Decompression valves have the task of refeeding to avoid change that occurs when the piston egg nes internal combustion engine during the compression process Compressed gas in the combustion chamber of the engine. If the piston springs back, this will not occur significant energy losses on the engine brakes reduce performance.

Such a device is in EP-OS O 193 142 described. Here is in addition to the usual Auslaßven til the engine an additional decompression valve available. However, this decompression valve is not clocked, but is caused by the exhaust gas back pressure actuated with the exhaust / engine brake flap closed.

This arrangement is used to actuate the valve but not the compression work of the piston  uses so that the energy to operate the valve otherwise generated and transported to the valve must become.

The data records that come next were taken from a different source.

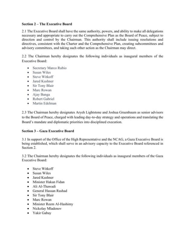 The resolution lists the nine members of the executive board: seven that were already announced by the White House on January 16, plus two more who have not been publicly named. The previously announced members are: Secretary of State Marco Rubio, Special Envoy Steve Witkoff, former UK Prime Minister Tony Blair, Trump son-in-law Jared Kushner, businessman Mark Rowan, World Bank President Ajay Banga, and Deputy National Security Advisor Robert Gabriel. The two new names revealed in the document are Trump’s chief of staff Susan Wiles and Martin Edelman, a real estate attorney and a special advisor to the government of the United Arab Emirates.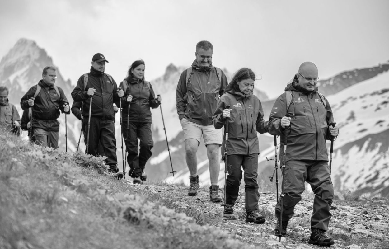 An environmental themed weekend with an orientation challenge and hike. The clients stayed at a 5 star hotel, they had an afternoon meeting with a presentation from a specialist speaker about the UTMB event and its impact on the Chamonix Valley environment. Then they had a ecology themed hike with a geologist and glaciologue expert showing the consequences of global warming in the Alps.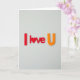 This card shows the words “I love U” centered on a light gray background with a faint texture. The letters look raised, like small 3D shapes, and they cast soft shadows that make them feel real. “I” and the letters “l,” “v,” and “e” are red, and a red heart takes the place of the “o” in “love.” The final “U” is orange, which adds a gentle change in color without distracting from the message. The text has a simple, rounded letter style and sits right in the middle so your eyes go straight to it. It feels meaningful because it says exactly what you want to say, and the heart shape adds a little extra tenderness 🥰. It’s an easy way to show love or close friendship on Valentine’s Day ❤️, and to share Valentine’s Day feelings with someone who matters.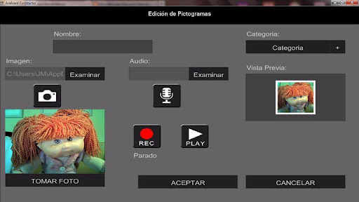 - Araboard Constructor: esta herramienta se utiliza para la creación y edicion de los tableros de comunicación. mediante la colección de pictogramas Arasaac y cualquier otra imagen y audio almacenados en el dispositivo.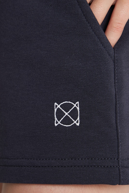 Укороченные шорты, боковые карманы. Пояс из кашкорсе. Декор вышивка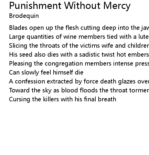 Toward the sky as blood floods the throat torment with death not quick enough |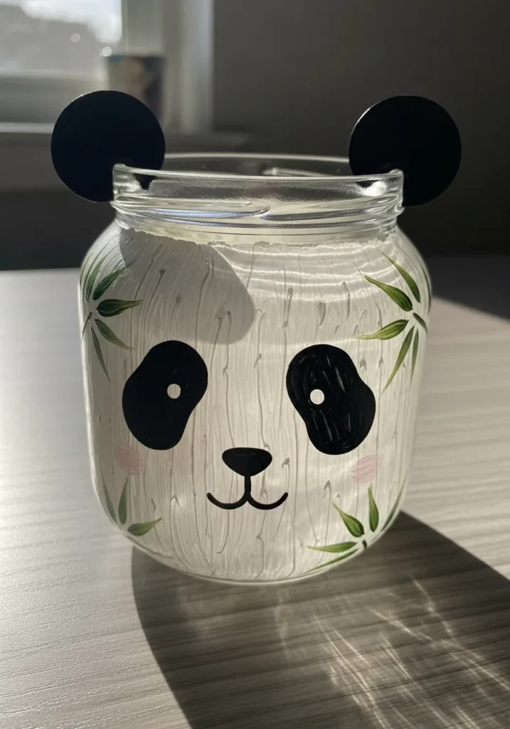 I think animal themed jars are always a hit. The panda design feels playful and surprisingly easy to recreate. Simple shapes and bold colors make the painting process relaxed and fun. I would definitely use a jar like this as a cute container for cotton balls or small craft supplies.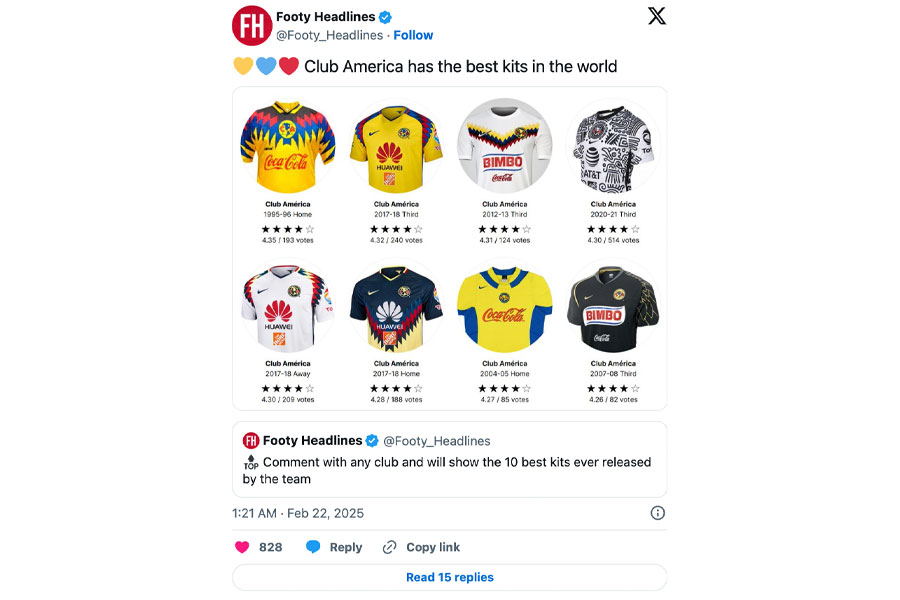 メキシコの名門クラブ・アメリカの色鮮やかなユニフォームに注目が集まっている。サッカーシャツに関連に特化した海外メディア「Footy Headlines」は、2026年からサプライヤーがナイキからアディダスに変更になることをリーク。これまでのデザインを「世界最高のユニフォーム」と紹介した。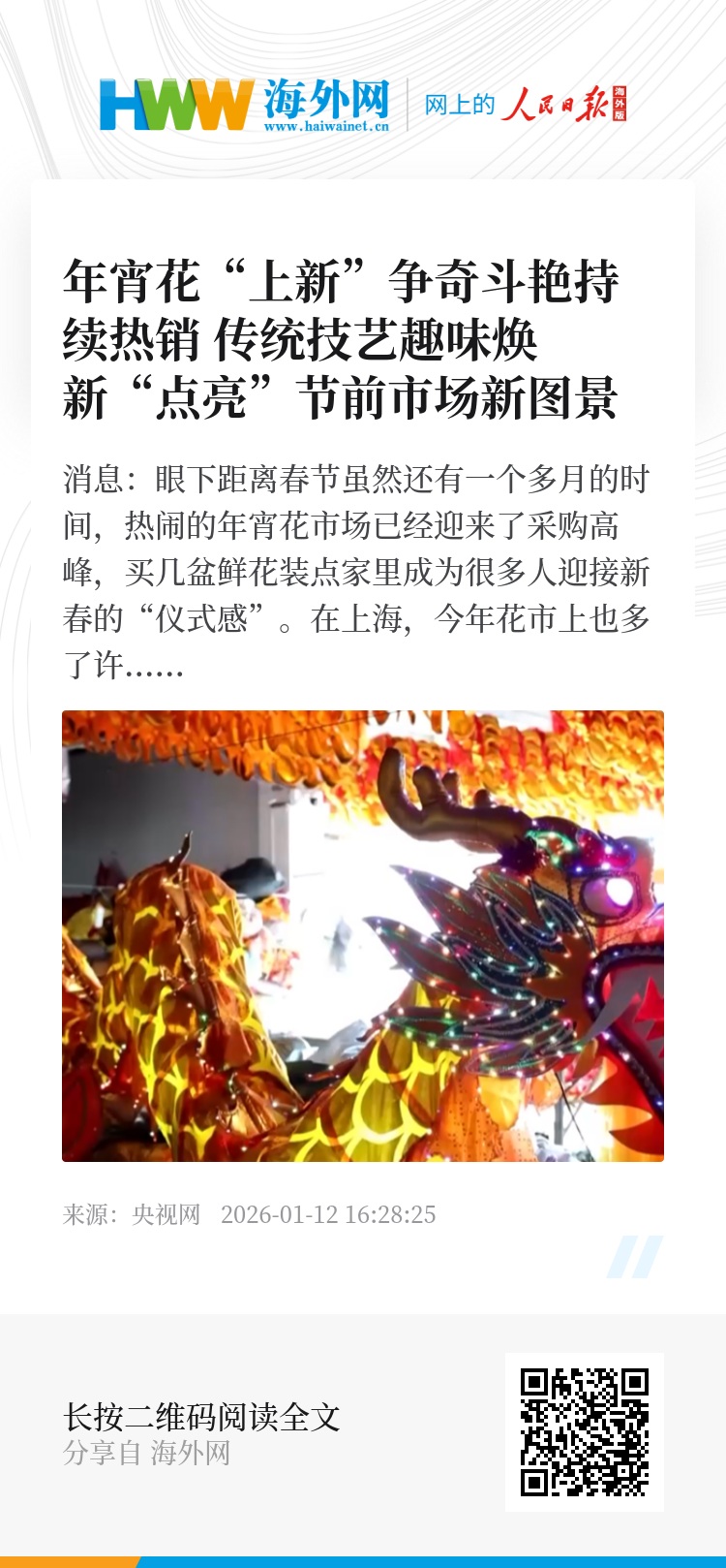 央视网消息:眼下距离春节虽然还有一个多月的时间,热闹的年宵花市场已经迎来了采购高峰,买几盆鲜花装点家里成为很多人迎接新春的“仪式感”。在上海,今年花市上也多了许多新品种,受到不少消费者欢迎。

Another disadvantage are the enormous forces that the spring that holds the valve in the closed position must be exposed. Because the spring against the ignition pressure from Z. B. must hold 120 bar, it is accordingly agile and therefore expensive to run.

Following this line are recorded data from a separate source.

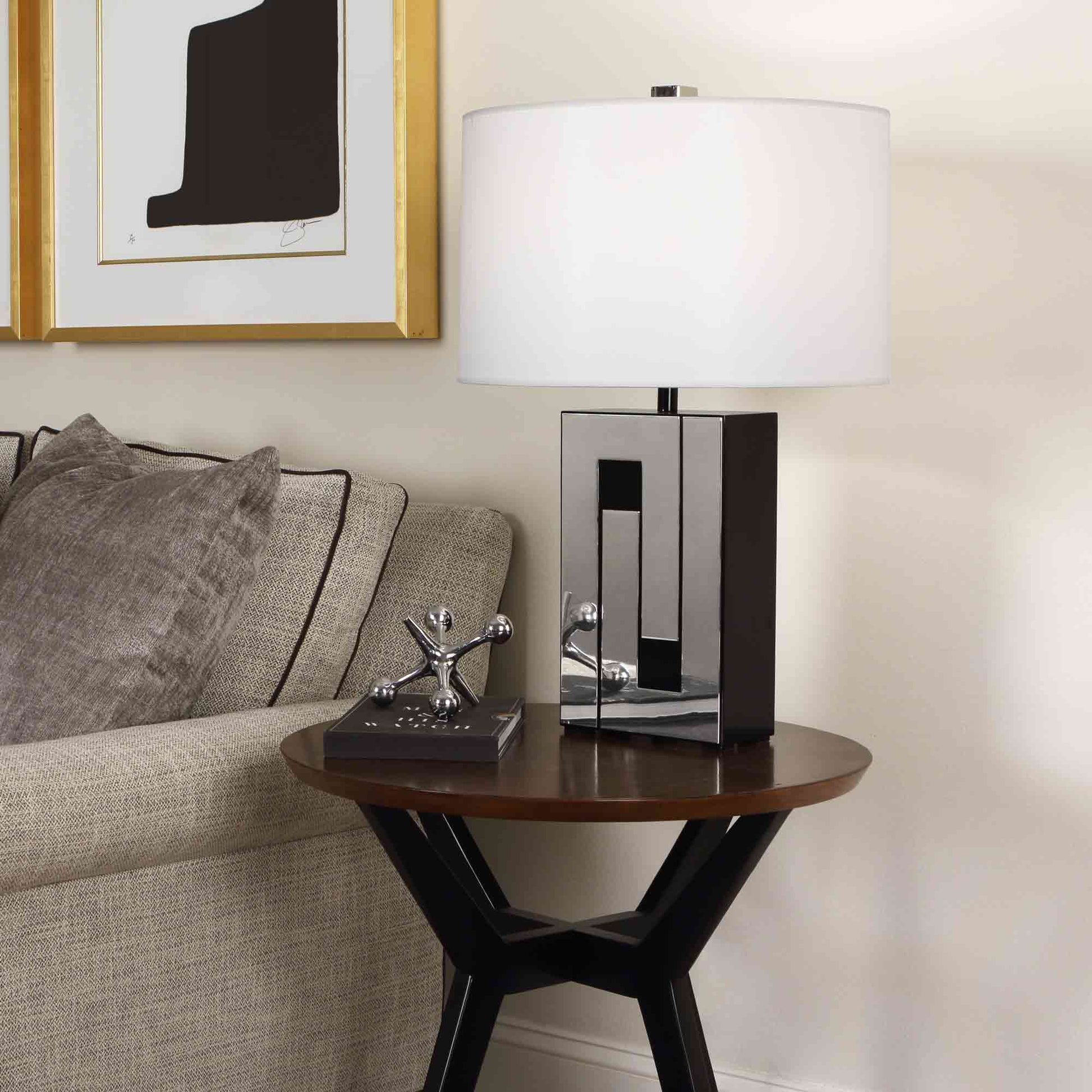 The best in contemporary verve shapes a linear silhouette with glam materials and finishes, turning the Blox Table Lamp from Robert Abbey into a primary décor element that also adds ambient lighting to a custom space.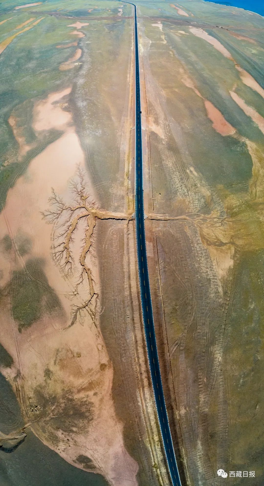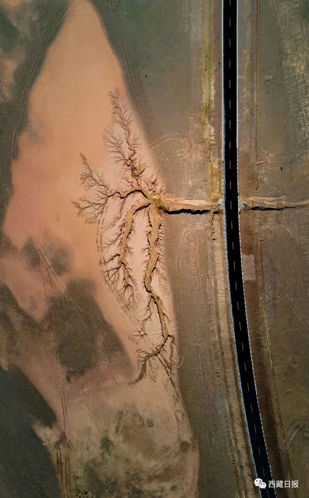 位置:“大地之樹”位于達(dá)則措南,距離尼瑪縣城30公里處,國(guó)道317 (2442)里程石墩旁邊。這棵大地之樹的樹干在國(guó)道南側(cè),樹根在國(guó)道北側(cè)。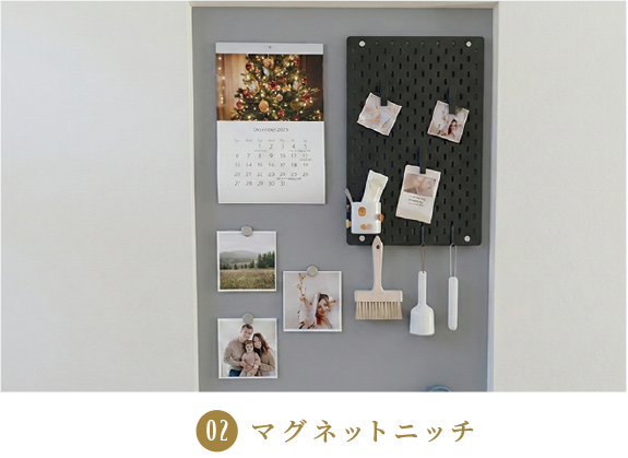 テーブル横などの壁面のくぼみを活用し、小物をスッキリ収めます。

Another version of a double valve is in DE-OS 35 46 423 described. This double valve the function of an inlet and outlet valve for Internal combustion engines in a single valve unite. The valve is actuated here via the engine camshaft. The use of this Valves as a decompression valve is in the DE-OS 35 46 423 not provided.

The invention has for its object a motor Braking device according to the preamble of claim 1 to provide which increases engine braking power where with possibly additional compressed air for others Purposes can be generated and if necessary also exhaust gas recirculation is still possible.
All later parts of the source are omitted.